Note: the @timestamp attribute name needs to be enclosed in backticks because a @ prefix is used to designate bind parameters in AQL. Enclosing the names in backticks will make AQL treat them as attribute name literals.

For the simple types of events triggered by the stdin input plugin, this is already sufficient. However, log events may look different, depending on the type of input plugins that are used. For other inputs, other attributes may need to be indexed, too.

Adjusting IP, port and authentication

Above I have used the default configuration of ArangoDB, that is IP 127.0.0.1, port 8529, and no authentication. You probably want to change this.

To make ArangoDB listen on any other IP address or port, change the endpoint setting in its configuration file /etc/arangod.conf. You may also want to set the disable-authentication flag to false, meaning authentication is turned on.

1
2
3
[server]
endpoint = tcp://192.168.173.13:9999
disable-authentication = false

Before activating the new configuration, let’s create a dedicated ArangoDB user logstash. I will also change the default password of the root user. The following ArangoShell commands do this:

1
2
require("org/arangodb/users").save("logstash", "secret-logging", true);
require("org/arangodb/users").save("root", "nobody-will-ever-guess", true);

To make logstash use the above settings, we have to adjust the command-line:

1
bin/logstash -e 'input { stdin } } output { http { http_method => "post" url => "http://logstash:secret-logging@192.168.173.13:9999/_api/document?collection=logstash" format => "json" } }'

Pitfalls

Though Logstash itself can write a logfile (--log option) and can provide debug information (--debug), I did not get it log or print errors when misconfiguring the HTTP output plugin. For example, specifying a wrong target URL will make all HTTP requests from Logstash to ArangoDB silently fail, with the log events being lost if not stored elsewhere.

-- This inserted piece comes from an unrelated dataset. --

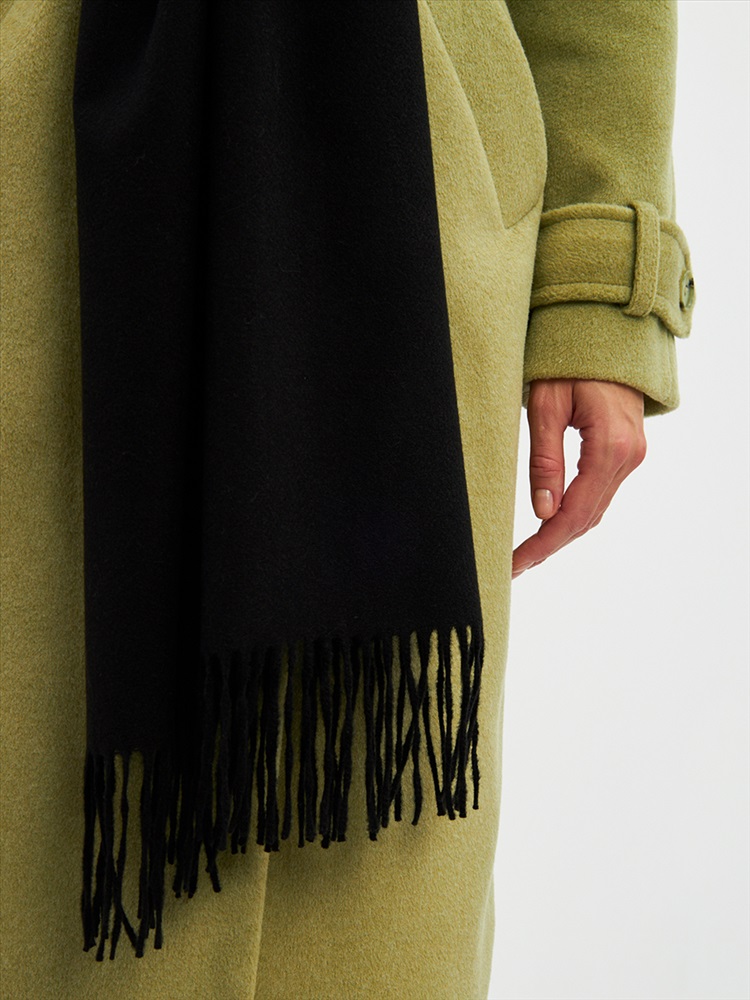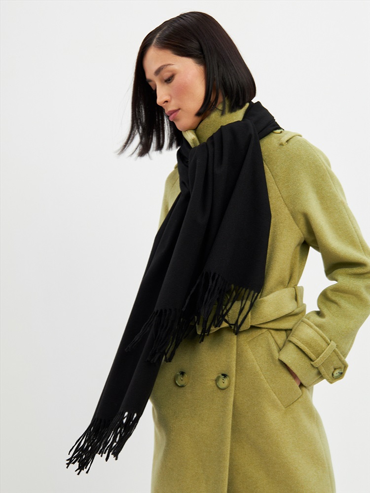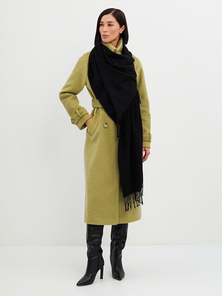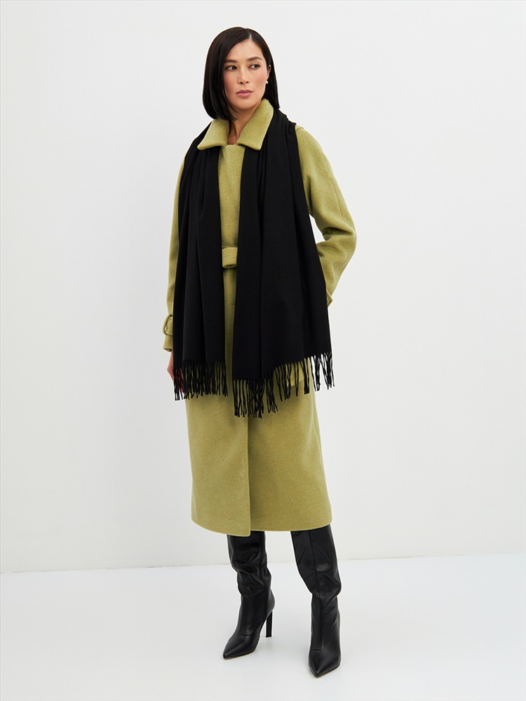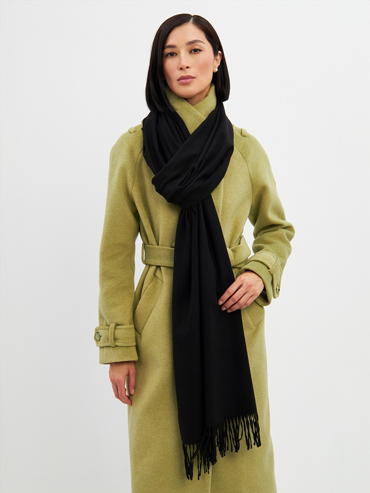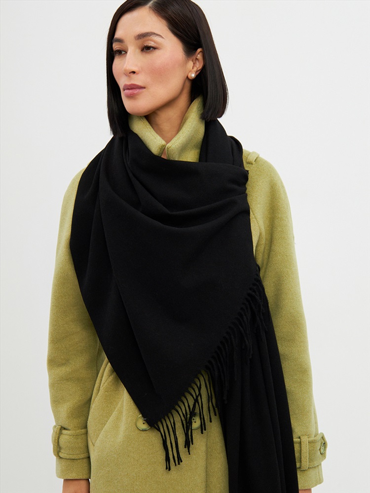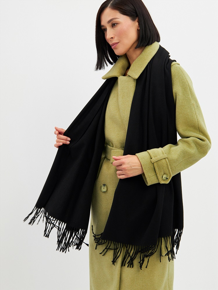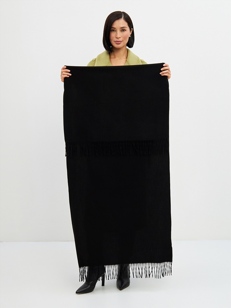 Цвет: Черный Состав: Вискоза, Шерсть, Модал Состав: Шерсть 20% Модал 45% Вискоза 35% Принт: Однотонный Большой, мягкий, теплый двусторонний однотонный палантин. Края изделия украшены кистями. Машинная деликатная стирка. Комментарии к товару

Maybe this is configurable somewhere, but then I didn’t find it. It is also possible that this will be fixed in some future release.

Disclaimer

Please feel free to use this blog as a starting point but not as an endorsement.

Though I think it will work perfectly, I am not at all an expert for Logstash or its plugins. I didn’t spend much time with it yet, and I may have overlooked important things. So should you be interested in using it, please conduct your own tests first.